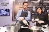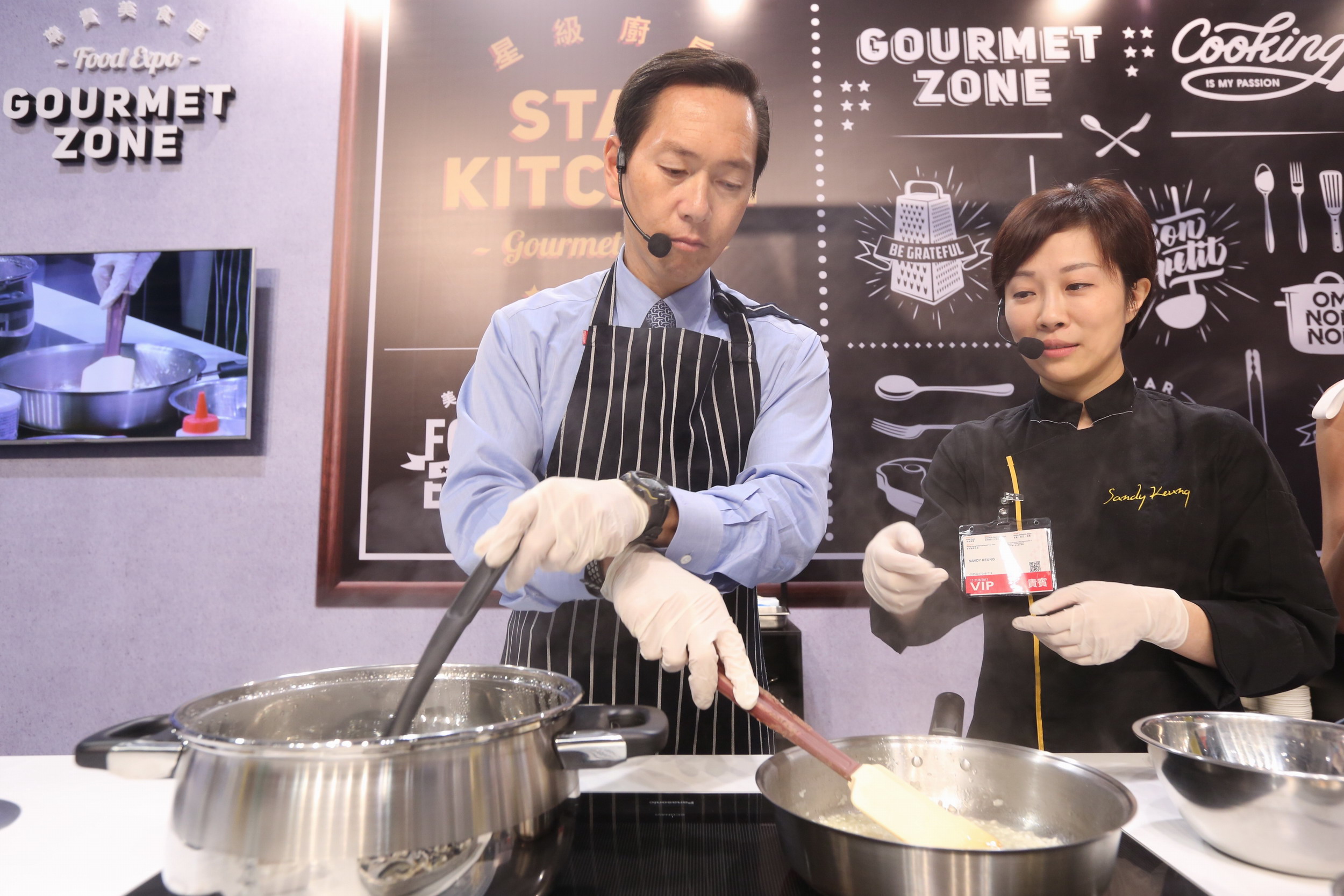 The Chairperson of the Committee on Reduction of Salt and Sugar in Food, Mr Bernard Chan (left), and the renowned chef, Sandy Keung, show to cook reduced-salt-and-sugar cuisine at the "Star Chef Cooking Demonstration" session of the Food Expo.
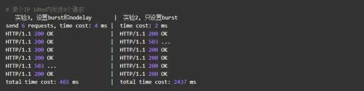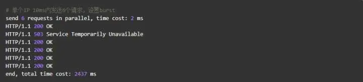 我们加入了burst=4,意思是每个key(此处是每个IP)最多允许4个突发请求的到来。如果单个IP在10ms内发送6个请求,结果会怎样呢?
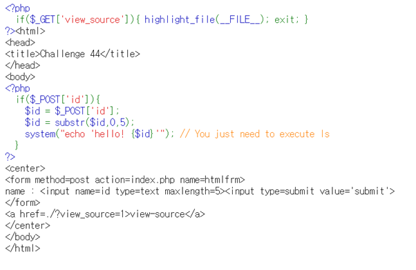 이 코드를 우회시켜 ls 명령어를 실행시키면 된다라고 나와있다.(힌트)
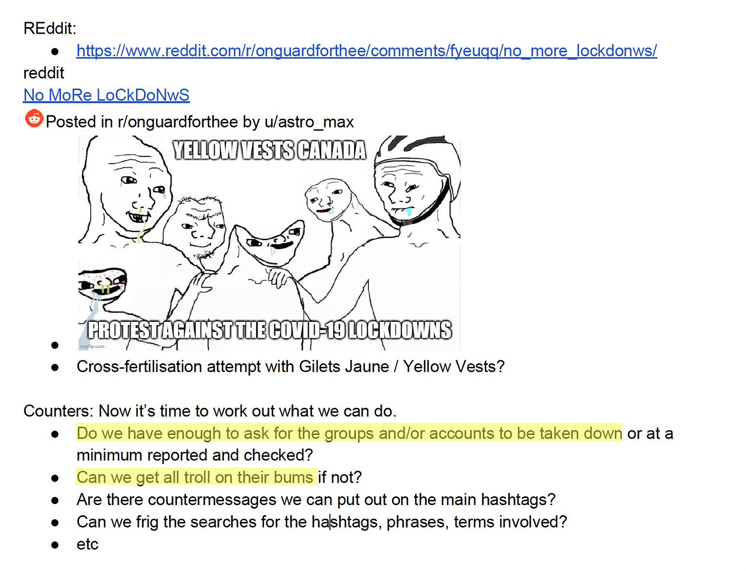 So the CTIL manipulated algorithms with mass action — sort of like how Ron Paul won every online poll for 8 years due to RonPaulForums.com — but with this mass action leading to account de-amplification or deactivation, as well as removal of completely true (and/or hilarious) things.
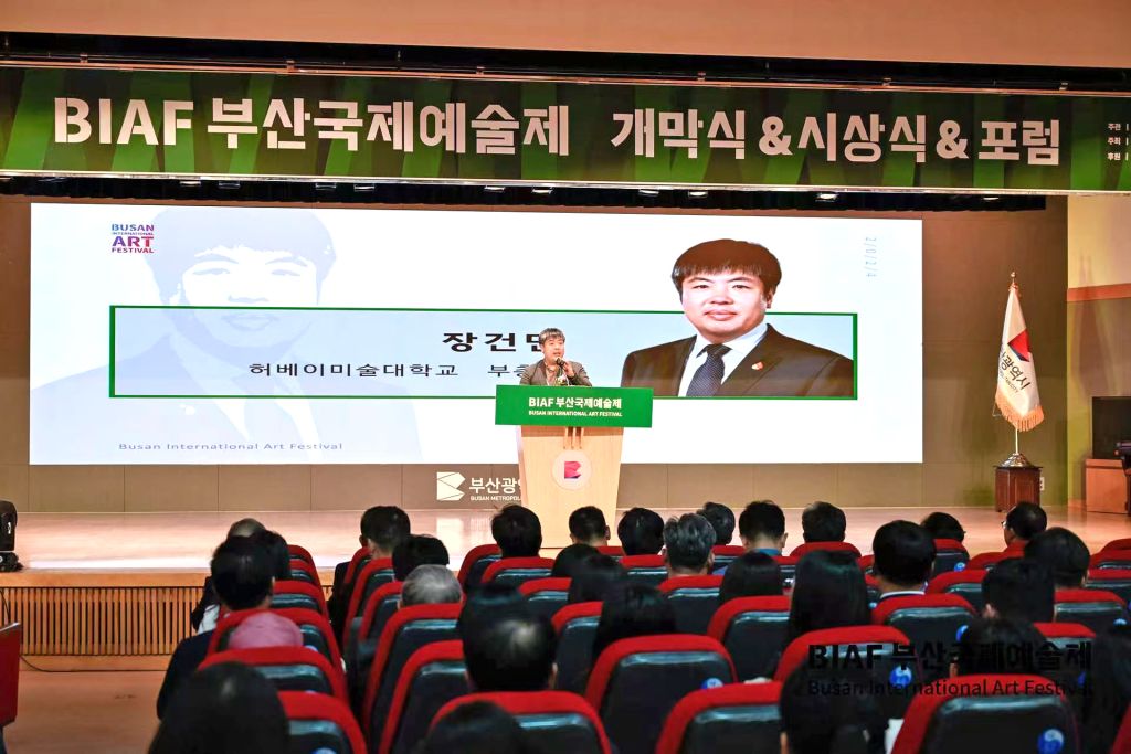 10月30日,2024年釜山国际艺术节(Busan International Art Festival,简称2024BIAF)在韩国釜山举行。中国驻釜山总领事馆领事陈日彪、东明大学校长兼BIAF釜山国际艺术节总组织委员长全虎焕等嘉宾出席开幕式。BEAT365唯一官网常务副校长张建敏受邀出席了在韩国釜山举行的开幕式,并代表BEAT365唯一官网在典礼上作主旨发言。张建敏在讲话中强调了艺术在促进国际文化交流和理解中的重要作用,...

════════

◆ EXERCISE:
Every entry above should be restated word for word, with the images left out.

◆ SOLUTION TO THIS TASK:
 The Chairperson of the Committee on Reduction of Salt and Sugar in Food, Mr Bernard Chan (left), and the renowned chef, Sandy Keung, show to cook reduced-salt-and-sugar cuisine at the "Star Chef Cooking Demonstration" session of the Food Expo.
 我们加入了burst=4,意思是每个key(此处是每个IP)最多允许4个突发请求的到来。如果单个IP在10ms内发送6个请求,结果会怎样呢?
 이 코드를 우회시켜 ls 명령어를 실행시키면 된다라고 나와있다.(힌트)
 So the CTIL manipulated algorithms with mass action — sort of like how Ron Paul won every online poll for 8 years due to RonPaulForums.com — but with this mass action leading to account de-amplification or deactivation, as well as removal of completely true (and/or hilarious) things.
 10月30日,2024年釜山国际艺术节(Busan International Art Festival,简称2024BIAF)在韩国釜山举行。中国驻釜山总领事馆领事陈日彪、东明大学校长兼BIAF釜山国际艺术节总组织委员长全虎焕等嘉宾出席开幕式。BEAT365唯一官网常务副校长张建敏受邀出席了在韩国釜山举行的开幕式,并代表BEAT365唯一官网在典礼上作主旨发言。张建敏在讲话中强调了艺术在促进国际文化交流和理解中的重要作用,...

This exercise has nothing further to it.